The three questions that arose before this Court were:

1.Has the applicant demonstrated a proper basis for Livesey ACJ and David JA to conclude that they should not sit in this matter;

2.Is the refusal to grant a stay an “interlocutory judgment” within the meaning of ss 3 and 42(1a) of the Magistrates Court Act 1991 (SA), for which permission to appeal is required; and

3.Has the applicant demonstrated that it is in the interests of justice that permission to appeal be granted by this Court?

Held (Livesey ACJ and David JA), refusing the application to disqualify, refusing an extension of time and refusing permission to appeal:

1.The applicant has failed to demonstrate any proper basis upon which Livesey ACJ and David JA should refrain from sitting on this matter.

2.The applicant has failed to demonstrate that it would be in the interests of justice to grant permission to appeal.

3.      As permission to appeal should be refused, there is no utility in granting an extension of time.

Criminal Law Consolidation Act 1935 (SA) ss 20ab(1)(B), 20(3), S20AA(3); Joint Criminal Rules 2022 (SA) rr 193.1(3), 196.2; Magistrates Court Act 1991 (SA) ss 3, 42; Summary Offences Act 1953 (SA) s 6(2); Supreme Court Act 1935 (SA) s 50(4)(a)(ii), referred to.
Contract Mining Services Pty Ltd v Adelaide Brighton Cement Ltd [2020] SASC 69; Fede v Police; Di Fede v Police [2023] SASCA 47; DT v Chief Executive of the Department for Child Protection [2021] SASC 138; DT v Chief Executive of The Department for Child Protection [2022] SASCA 28; Ebner v Official Trustee and Bankruptcy (2000) 205 CLR 337; Fletcher v Australian Health Practitioner Regulation Agency [2023] SASCA 36; Harris Scarfe Ltd (in liq) v Ernst & Young (No 2) [2005] SASC 168; Kharisteas v Kharisteas (2021) 273 CLR 289; Kowalski v Mitsubishi Motors Australia Staff Superannuation Pty Ltd & Anor [2017] SASCFC 17; McDonald v Attorney-General for the State of South Australia [2022] SASCA 43; McDonald v Attorney-General for the State of South Australia [2023] SASCA 132; Minister for Immigration & Multicultural Affairs v Jia Legeng (2001) 205 CLR 507; Oatley v Commonwealth Director of Public Prosecutions [2021] SASCA 108; Obeid v The Queen (2016) 90 ALJR 47; QYFM v Minister for Immigration, Citizenship, Migrant Services and Multicultural Affairs (2023) ALJR 419; Re JRL; ex parte CJL (1986) 161 CLR 342; Rogers v Police [2017] 130 SASR 190; R v Geoffrey (a pseudonym) [2024] SASCA 40; R v Marshall [2023] SASCA 105; R v Rich (Ruling No 21) [2009] VSC 32; Schneider v Curtis [1967] Qd R 300; Sedmak v Police [2008] SASC 307; Scott v Police [2025] SASC 64; Scott v Scott [2022] SASCA 33, considered.

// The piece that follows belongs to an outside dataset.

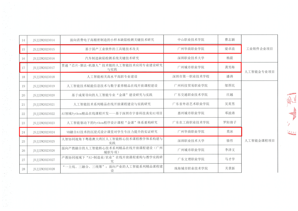 近日,广东省职业学校电子信息与通信类专业教学指导委员会、计算机类专业教学指导委员会、创新创业教育工作指导委员会相继公布了2025年度教育教学改革研究与实践项目立项结果。人工智能技术学院在此次申报中表现突出,累计八项课题成功获得立项,涵盖人工智能赋能课程建设、岗课赛证创融合、国产工具链攻关、创新创业育人模式等多个方向,充分体现了学院在推进人工智能赋能教学改革和融合技术创新方面的扎实研究与实践能力。

SCOTT v COMMISSIONER OF POLICE

[2025] SASCA 83

Court of Appeal – Criminal: Livesey ACJ and David JA

THE COURT (ex tempore):

Introduction

  1. The applicant is being prosecuted in the Magistrates Court.  A magistrate dismissed her application for a permanent stay.  A single judge refused her permission to appeal that decision.  This appeal is against that decision of the single judge.[1]  The applicant again seeks permission to appeal. 

    [1]     The decision of the single judge is Scott v Police [2025] SASC 64 (Gray J) (the appeal judge), concerning the ruling of Mr Semmens SM dated 13 December 2024.

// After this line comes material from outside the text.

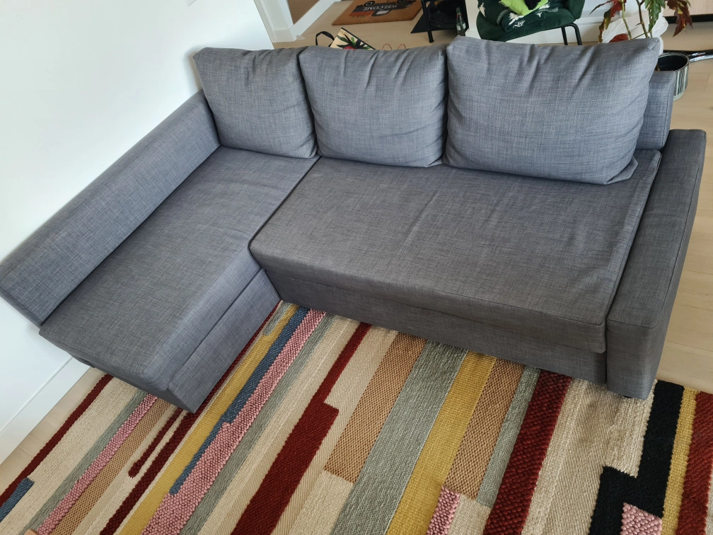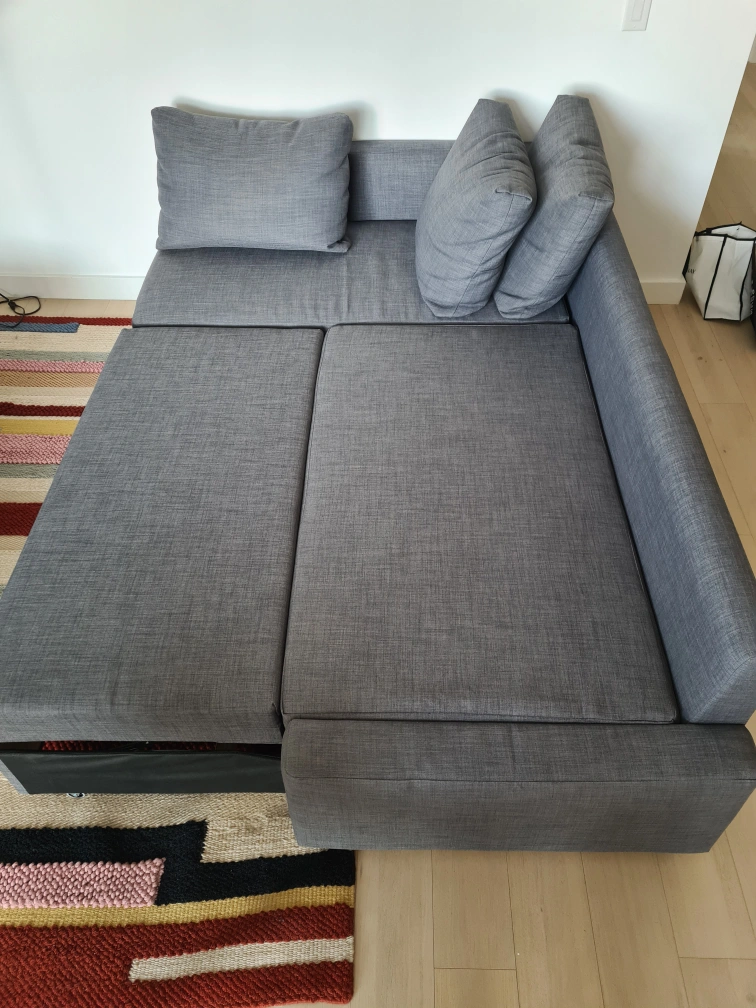 This sofa-bed is THE classic & comfortable sofa-bed ๐ด Very comfortable as a couch, so as for a bed. I used it to sleep some time, it is a comfortable queen size bed. I prefer from far this one than the convertible ones. Also, the included storage is very convenient. The couch is like-new, I used it for a few months only. My home is pet free and smoke free. Available from: September, 13th Ikea link: https://www.ikea.com/ca/en/p/friheten-corner-sofa-bed-with-storage-skiftebo-dark-gray-s69216757/ I can disassemble it, and help you move it if you want. I have no car though.

  2. In addition, the applicant has objected to Livesey ACJ and David JA, together with a number of other members of this Court, sitting on this matter.

  3. Accordingly, three questions arise:

    1.Has the applicant demonstrated a proper basis for Livesey ACJ and David JA to conclude that they should not sit in this matter;

    2.Is the refusal to grant a stay an “interlocutory judgment” within the meaning of ss 3 and 42(1a) of the Magistrates Court Act 1991 (SA) (the Magistrates Court Act), for which permission to appeal is required;

    3.Has the applicant demonstrated that it is in the interests of justice that permission to appeal be granted by this Court?

  4. The applicant requires an extension of time.  If permission to appeal should not be granted, there will be no utility in granting the extension.[2]

    [2]     Being and extension of 14 days pursuant to r 193.1(3) of the Joint Criminal Rules 2022 (SA).

    The prosecution case

  5. Given the careful and extensive reasons of the appeal judge, a brief overview of the prosecution case is sufficient. 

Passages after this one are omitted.